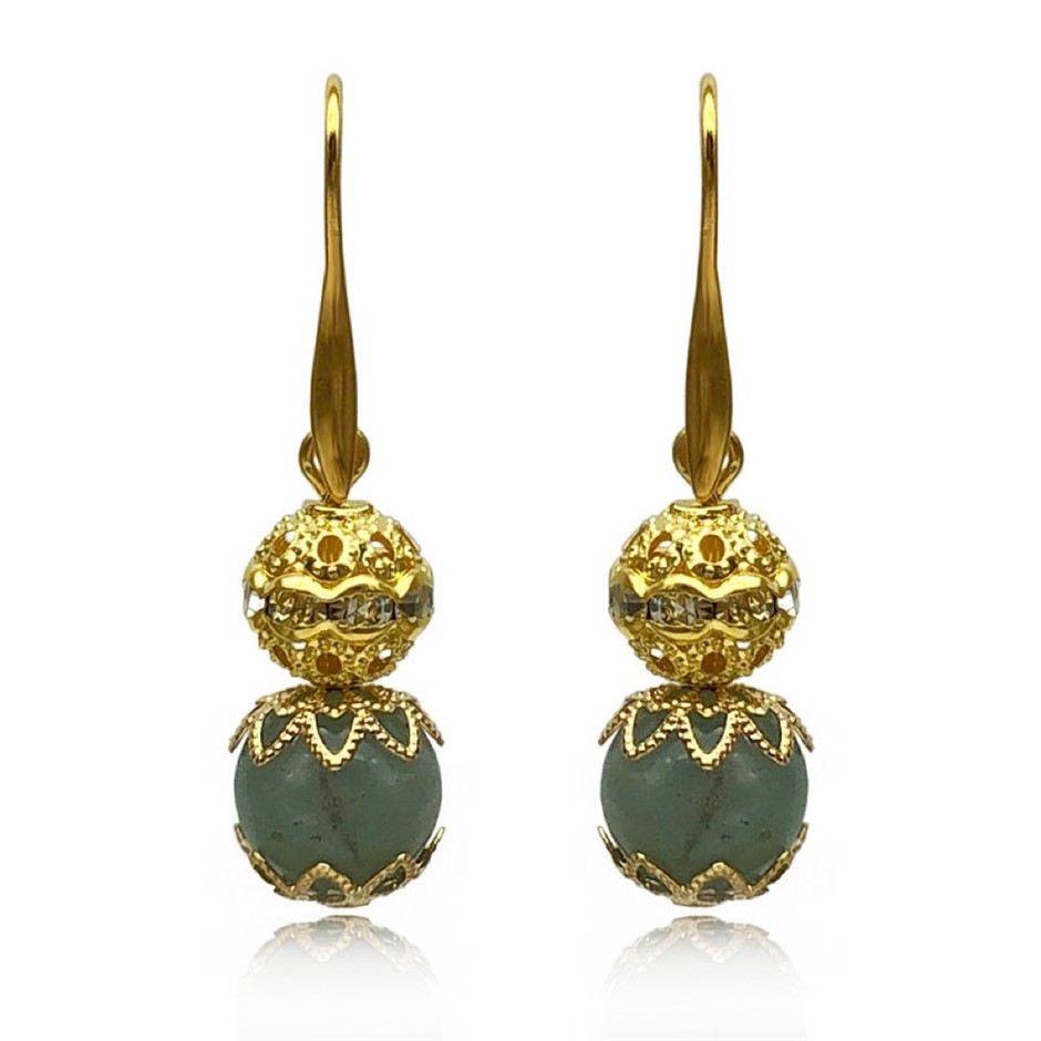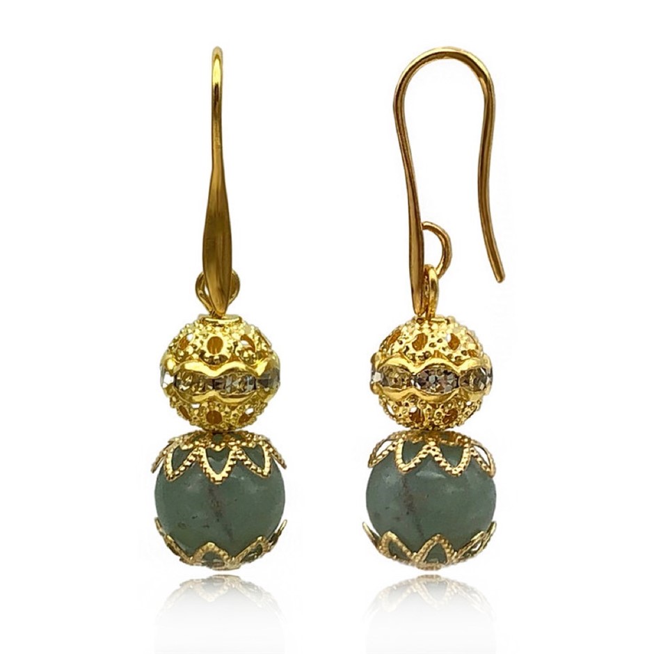10mm Natural Amazonite Persian Love Gold Plated Rhinestone Necklace, Bracelet & Earring Set.
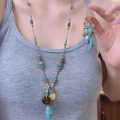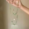 「春霖雨露」复古绿色碎石多层流苏项链小众设计感显白叠戴锁骨链
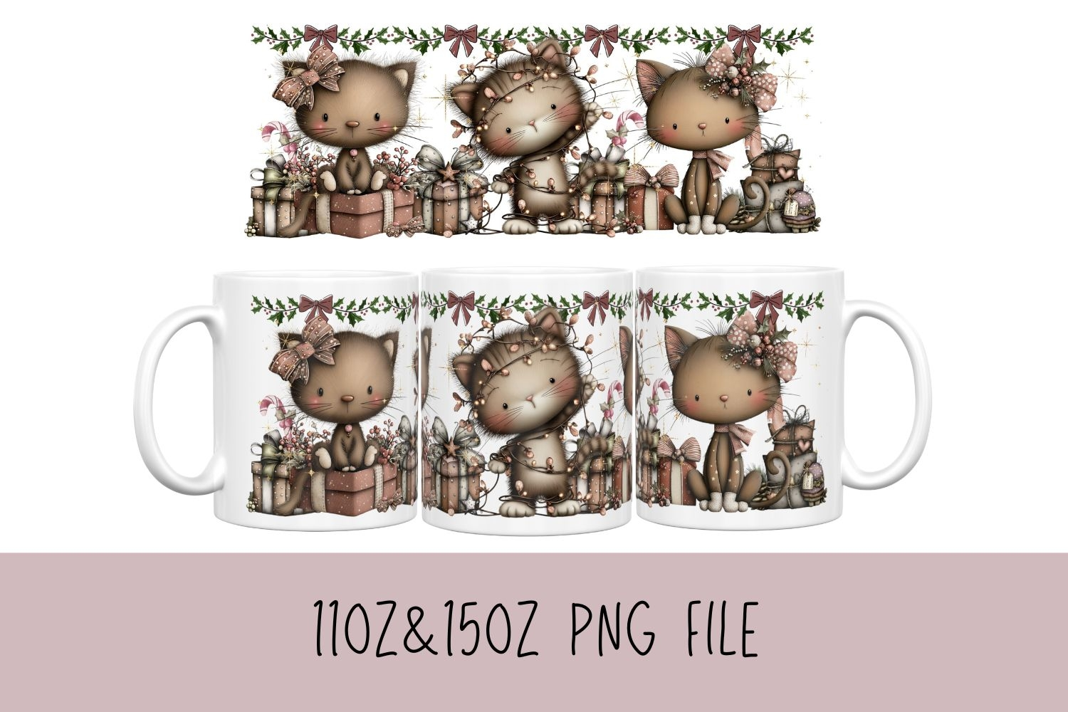 11oz, 15oz Christmas Mug Coffee PNG Sublimation, Cute Cat example image 1

» AIM OF THE EXERCISE
Could you give the listing again exactly, minus its pictures?

» OUTPUT OF THE TASK
10mm Natural Amazonite Persian Love Gold Plated Rhinestone Necklace, Bracelet & Earring Set.
 「春霖雨露」复古绿色碎石多层流苏项链小众设计感显白叠戴锁骨链
 11oz, 15oz Christmas Mug Coffee PNG Sublimation, Cute Cat example image 1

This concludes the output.